*Problem statement*
Output the run of lines that opens with the first line of the material below and closes with the line containing "室内は、多様な収納スペースを", both included, and drop the pictures.

*Records to use*
------------------------------------

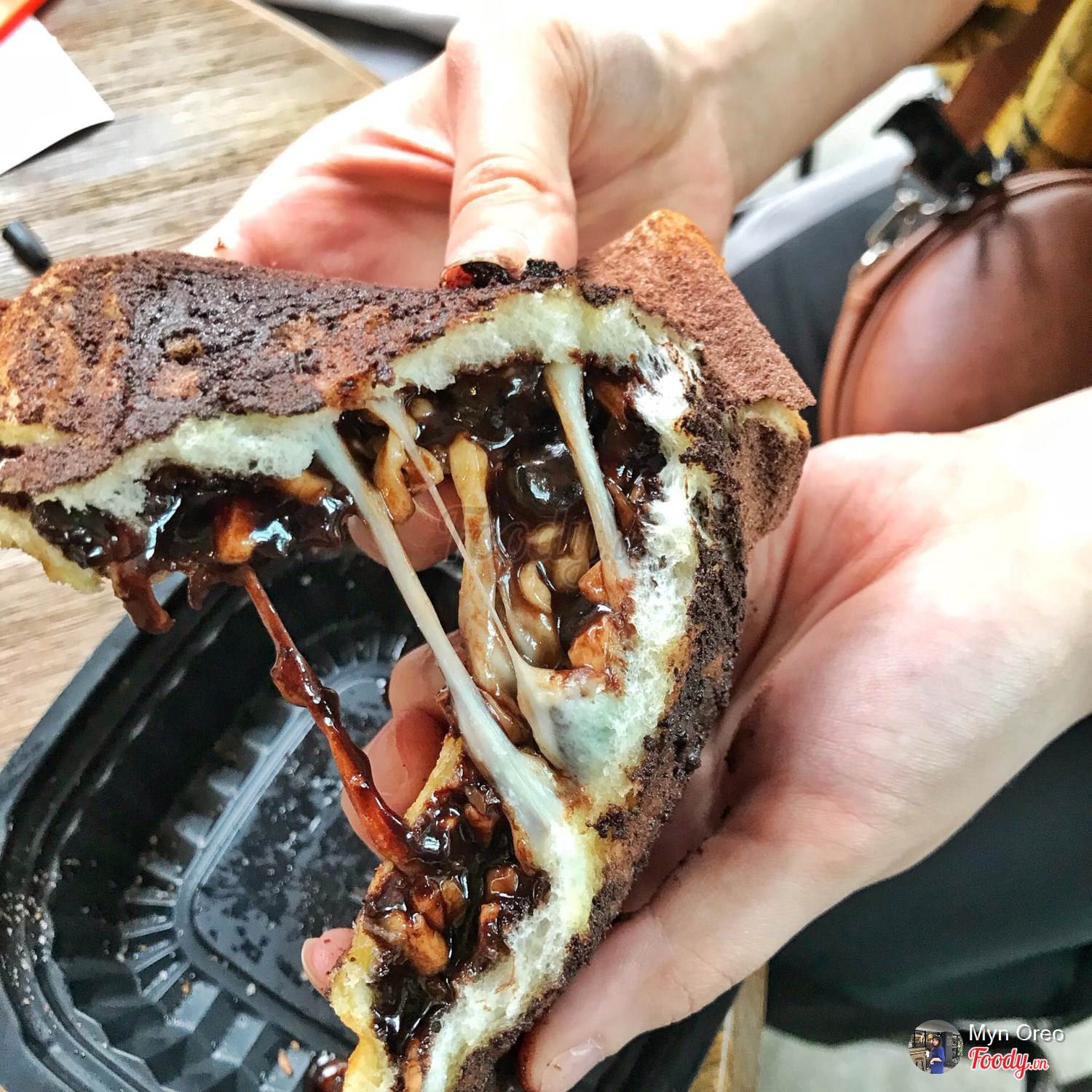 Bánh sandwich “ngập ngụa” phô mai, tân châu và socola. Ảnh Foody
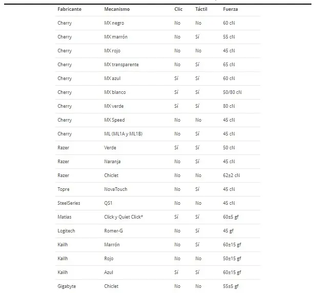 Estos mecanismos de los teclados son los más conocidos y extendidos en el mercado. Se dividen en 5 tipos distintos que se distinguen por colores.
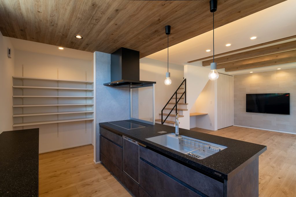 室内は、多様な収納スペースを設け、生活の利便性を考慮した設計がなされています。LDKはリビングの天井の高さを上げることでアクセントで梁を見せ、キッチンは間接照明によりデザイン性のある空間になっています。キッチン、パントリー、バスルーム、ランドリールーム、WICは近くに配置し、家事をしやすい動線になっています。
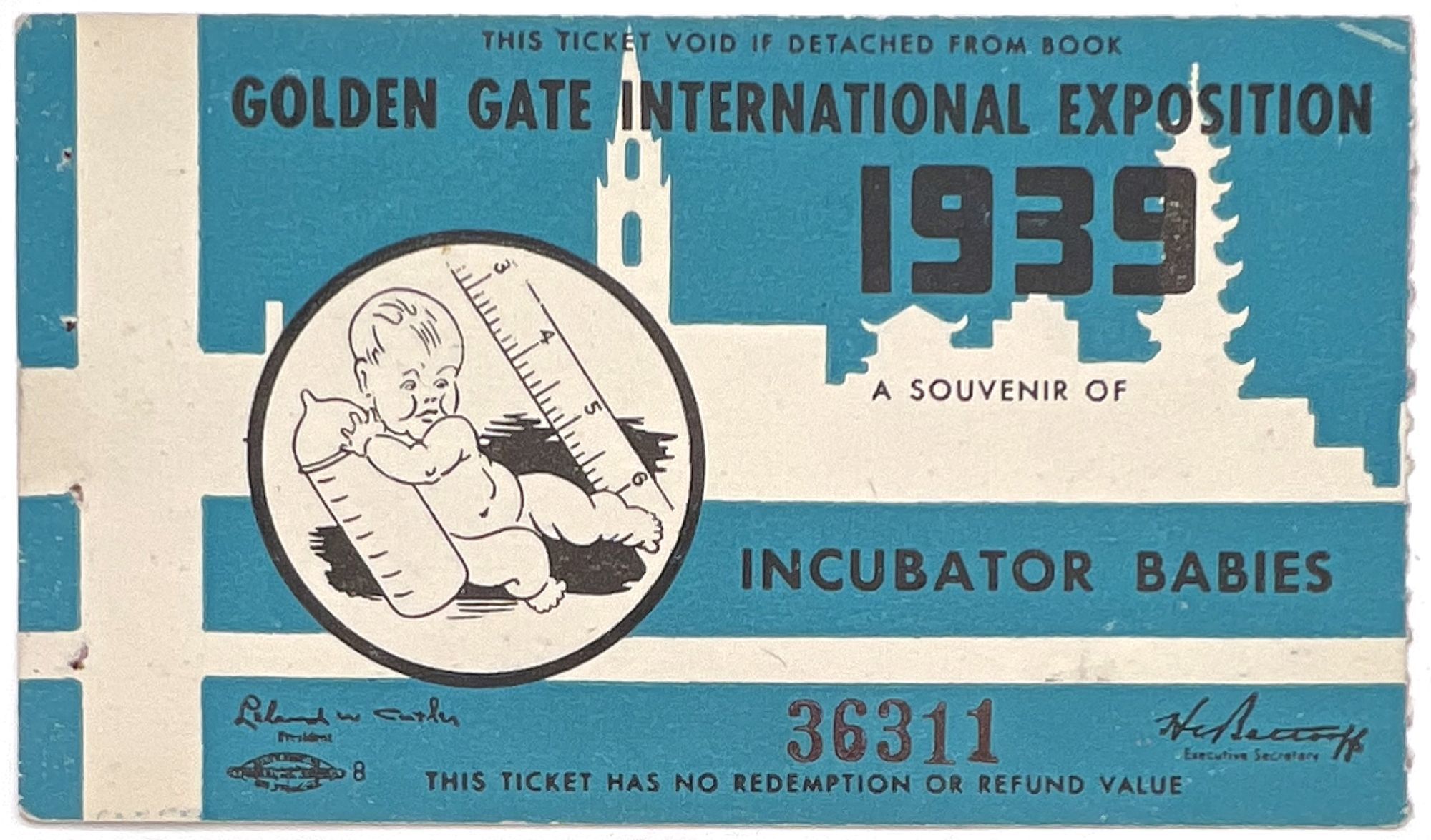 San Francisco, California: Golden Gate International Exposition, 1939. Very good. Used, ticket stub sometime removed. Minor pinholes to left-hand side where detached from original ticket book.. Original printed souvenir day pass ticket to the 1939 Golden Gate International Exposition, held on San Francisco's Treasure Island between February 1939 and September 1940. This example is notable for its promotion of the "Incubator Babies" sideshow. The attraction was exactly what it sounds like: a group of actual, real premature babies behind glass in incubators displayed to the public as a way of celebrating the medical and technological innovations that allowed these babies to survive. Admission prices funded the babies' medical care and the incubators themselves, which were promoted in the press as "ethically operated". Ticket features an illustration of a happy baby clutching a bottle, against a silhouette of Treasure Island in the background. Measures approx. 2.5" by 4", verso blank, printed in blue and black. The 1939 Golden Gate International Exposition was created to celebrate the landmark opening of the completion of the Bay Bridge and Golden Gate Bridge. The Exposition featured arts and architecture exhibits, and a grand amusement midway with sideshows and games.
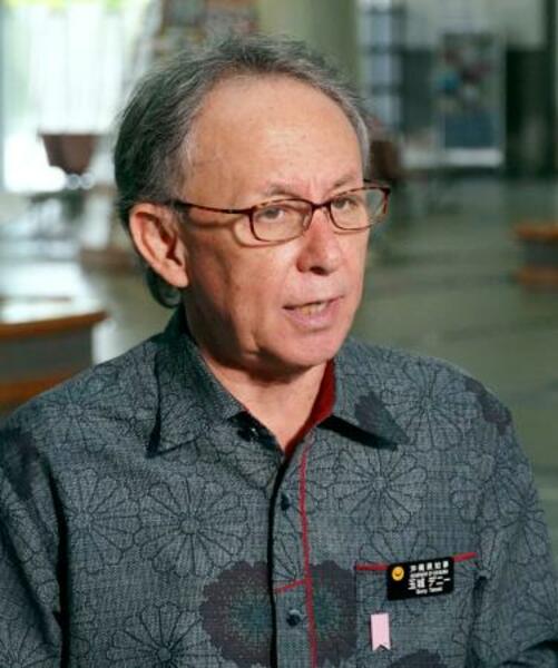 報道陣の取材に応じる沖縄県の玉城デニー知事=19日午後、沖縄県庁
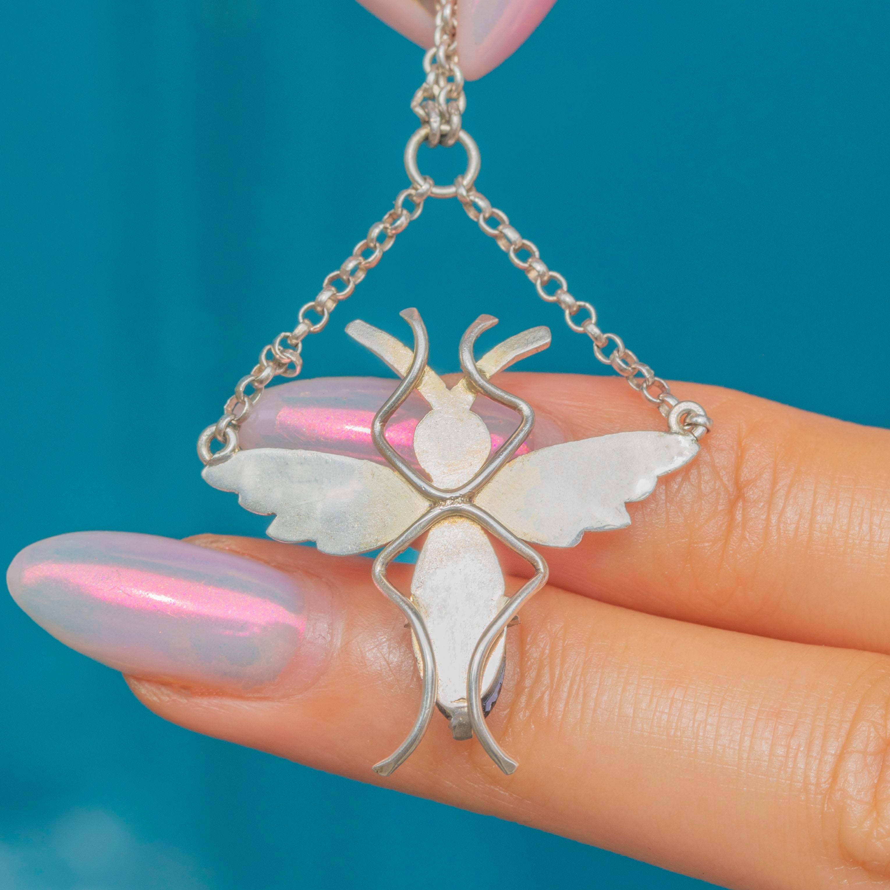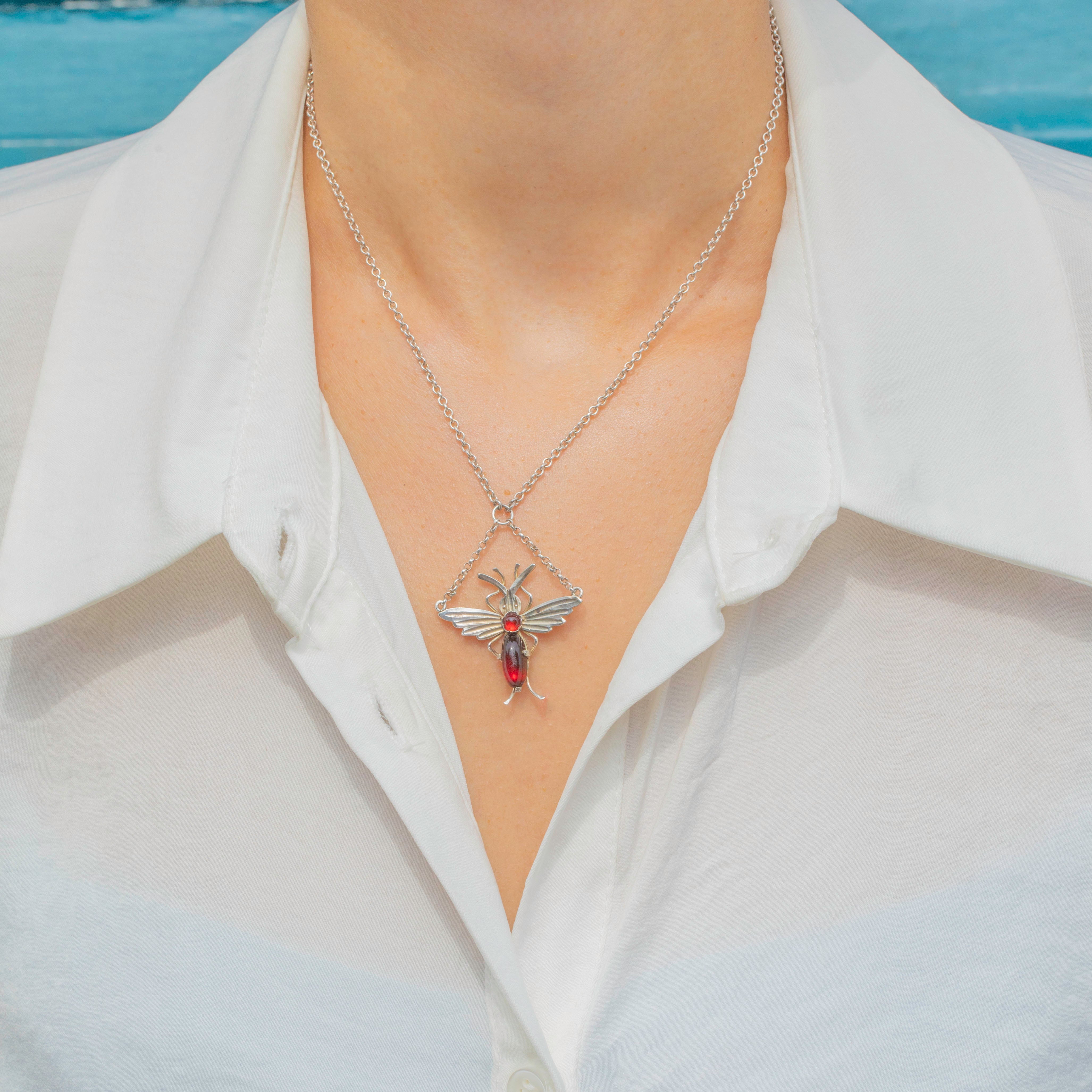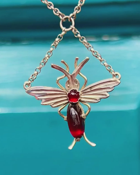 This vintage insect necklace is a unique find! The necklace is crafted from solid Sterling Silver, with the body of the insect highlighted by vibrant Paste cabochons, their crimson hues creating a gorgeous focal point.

------------------------------------

*Reply*
 Bánh sandwich “ngập ngụa” phô mai, tân châu và socola. Ảnh Foody
 Estos mecanismos de los teclados son los más conocidos y extendidos en el mercado. Se dividen en 5 tipos distintos que se distinguen por colores.
 室内は、多様な収納スペースを設け、生活の利便性を考慮した設計がなされています。LDKはリビングの天井の高さを上げることでアクセントで梁を見せ、キッチンは間接照明によりデザイン性のある空間になっています。キッチン、パントリー、バスルーム、ランドリールーム、WICは近くに配置し、家事をしやすい動線になっています。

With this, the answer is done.